Limiting Distributions for Sums of Independent Random Products

Zakhar Kabluchko

Published 2009-04-27, updated 2009-11-24Version 2

Let $\{X_{i,j}:(i,j)\in\mathbb N^2\}$ be a two-dimensional array of independent copies of a random variable $X$, and let $\{N_n\}_{n\in\mathbb N}$ be a sequence of natural numbers such that $\lim_{n\to\infty}e^{-cn}N_n=1$ for some $c>0$. Our main object of interest is the sum of independent random products $$Z_n=\sum_{i=1}^{N_n} \prod_{j=1}^{n}e^{X_{i,j}}.$$ It is shown that the limiting properties of $Z_n$, as $n\to\infty$, undergo phase transitions at two critical points $c=c_1$ and $c=c_2$. Namely, if $c>c_2$, then $Z_n$ satisfies the central limit theorem with the usual normalization, whereas for $c<c_2$, a totally skewed $\alpha$-stable law appears in the limit.

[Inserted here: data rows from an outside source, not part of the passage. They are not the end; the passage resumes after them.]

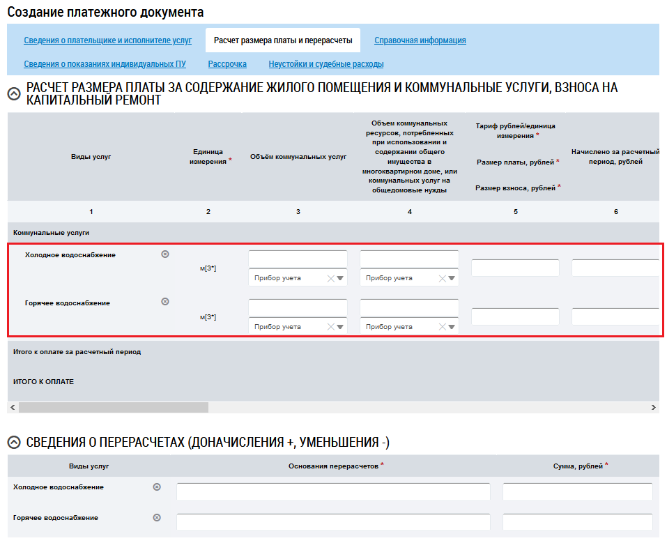 Заполните обязательные поля и перейдите на вкладку Расчет размера платы и перерасчеты.
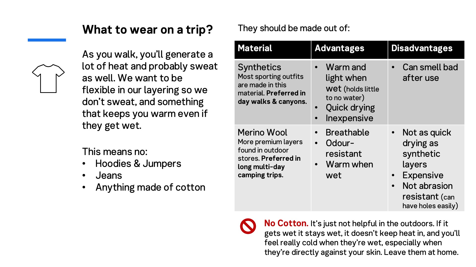 Make sure you wear comfortable and stable shoes for walking. If you don’t have special hiking shoes, the best thing is to wear some runners. They should suit you well on most walks. They must be enclosed on your toes- don’t wear sandals or thongs.
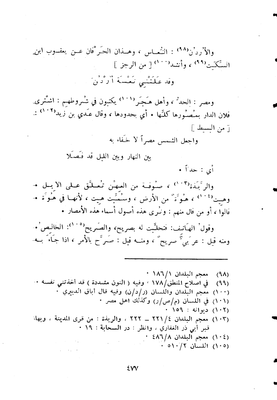ومصر الْحَد وَأهل هجر يَكْتُبُونَ فِي شروطهم اشْترى فلَان الدَّار بمصورها كلهَا أَي بحدودها وَقَالَ عدي بن زيد [من الْبَسِيط] ... وَاجعَل الشَّمْس مصرا لَا خَفَاء بِهِ ... بَين النَّهَار وَبَين اللَّيْل قد فصلا ...
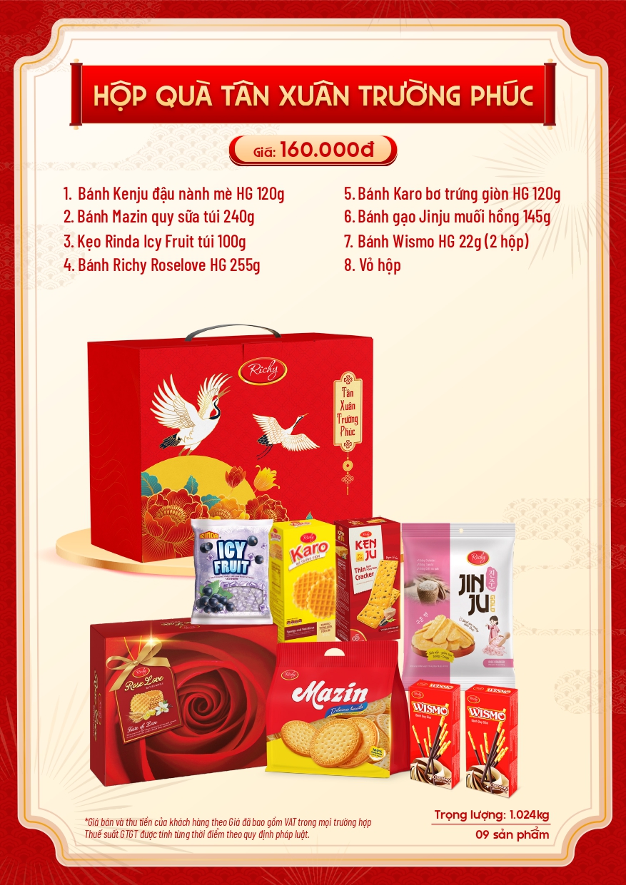 1/ HỘP CAO CẤP RICHY – HỘP QUÀ TÂN XUÂN TRƯỜNG PHÚC: 160.000 VNĐ

Further, $Z_n/\mathbb E Z_n$ converges in probability to 1 if and only if $c>c_1$. If the random variable $X$ is Gaussian, we recover the results of Bovier, Kurkova, and L\"owe [Fluctuations of the free energy in the REM and the $p$-spin SK models. Ann. Probab. 30(2002), 605-651].